*** Opening Records shown ***

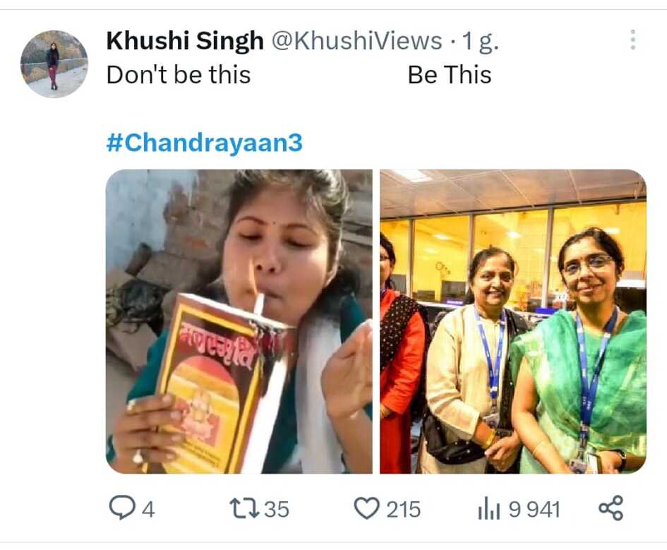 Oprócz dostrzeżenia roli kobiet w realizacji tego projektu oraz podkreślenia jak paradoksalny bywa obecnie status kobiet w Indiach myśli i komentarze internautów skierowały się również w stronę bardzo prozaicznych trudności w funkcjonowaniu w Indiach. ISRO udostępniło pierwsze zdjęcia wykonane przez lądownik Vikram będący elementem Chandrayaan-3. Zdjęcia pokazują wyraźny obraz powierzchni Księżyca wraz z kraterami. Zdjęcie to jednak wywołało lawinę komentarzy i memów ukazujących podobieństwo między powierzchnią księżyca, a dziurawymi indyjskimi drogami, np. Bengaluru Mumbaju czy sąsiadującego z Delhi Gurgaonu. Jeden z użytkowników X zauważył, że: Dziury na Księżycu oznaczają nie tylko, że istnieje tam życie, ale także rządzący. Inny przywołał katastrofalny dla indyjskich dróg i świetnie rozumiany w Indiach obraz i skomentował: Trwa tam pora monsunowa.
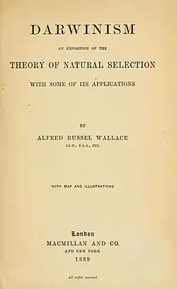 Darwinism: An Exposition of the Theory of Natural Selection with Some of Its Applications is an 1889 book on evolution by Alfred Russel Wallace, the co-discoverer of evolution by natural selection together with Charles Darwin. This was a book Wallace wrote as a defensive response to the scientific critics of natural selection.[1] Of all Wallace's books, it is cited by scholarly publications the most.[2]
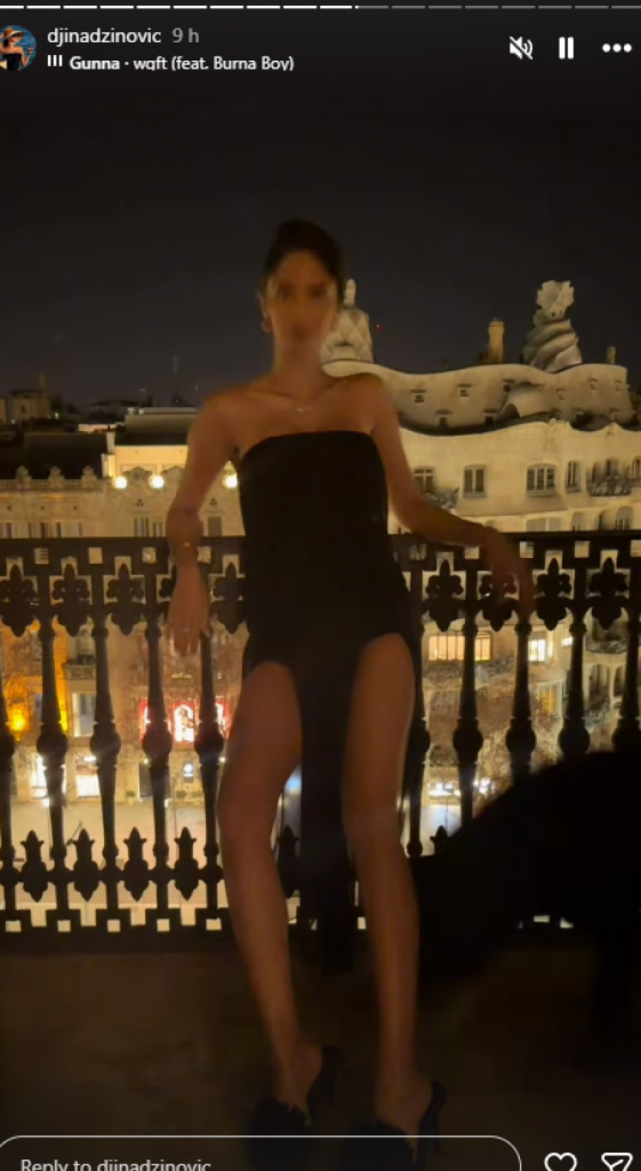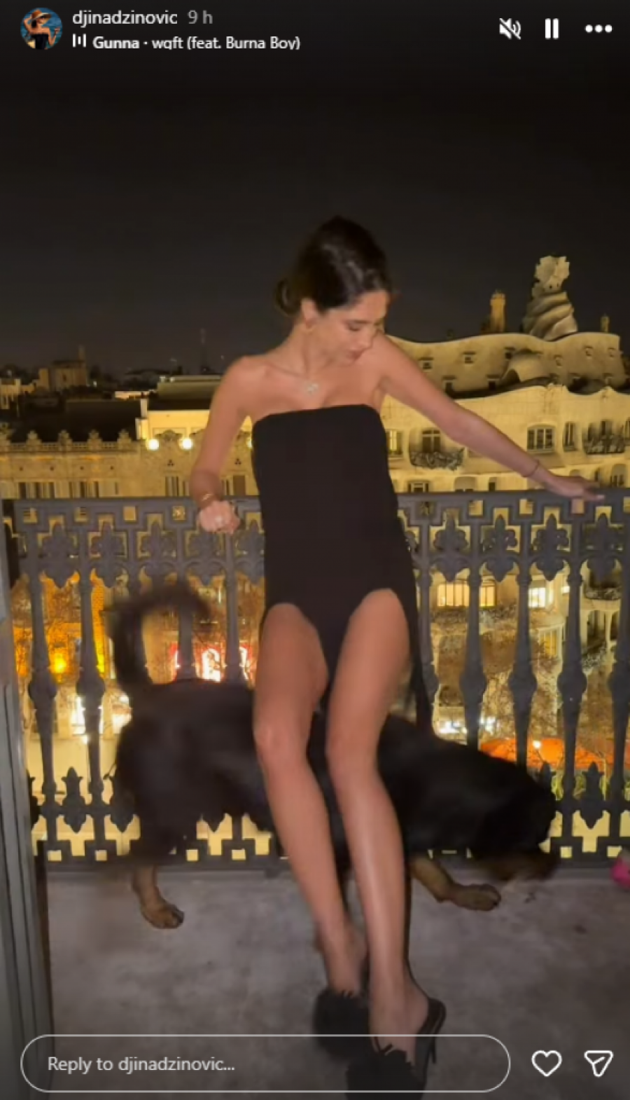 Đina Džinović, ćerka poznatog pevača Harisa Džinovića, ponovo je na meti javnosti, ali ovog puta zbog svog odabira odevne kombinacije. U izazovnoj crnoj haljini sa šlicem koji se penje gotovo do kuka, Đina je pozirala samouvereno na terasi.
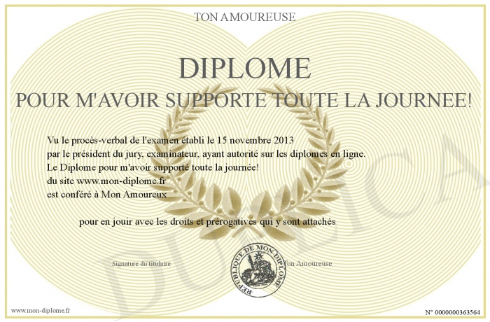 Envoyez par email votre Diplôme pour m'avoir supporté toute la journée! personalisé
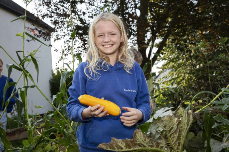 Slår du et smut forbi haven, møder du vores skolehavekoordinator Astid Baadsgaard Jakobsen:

*** Closing Records shown ***

What is needed
Please set down, exactly and with nothing added, the lines from the line with "Darwinism: An Exposition" to the end of the entries above, omitting pictures.

Answer to the exercise
 Darwinism: An Exposition of the Theory of Natural Selection with Some of Its Applications is an 1889 book on evolution by Alfred Russel Wallace, the co-discoverer of evolution by natural selection together with Charles Darwin. This was a book Wallace wrote as a defensive response to the scientific critics of natural selection.[1] Of all Wallace's books, it is cited by scholarly publications the most.[2]
 Đina Džinović, ćerka poznatog pevača Harisa Džinovića, ponovo je na meti javnosti, ali ovog puta zbog svog odabira odevne kombinacije. U izazovnoj crnoj haljini sa šlicem koji se penje gotovo do kuka, Đina je pozirala samouvereno na terasi.
 Envoyez par email votre Diplôme pour m'avoir supporté toute la journée! personalisé
 Slår du et smut forbi haven, møder du vores skolehavekoordinator Astid Baadsgaard Jakobsen:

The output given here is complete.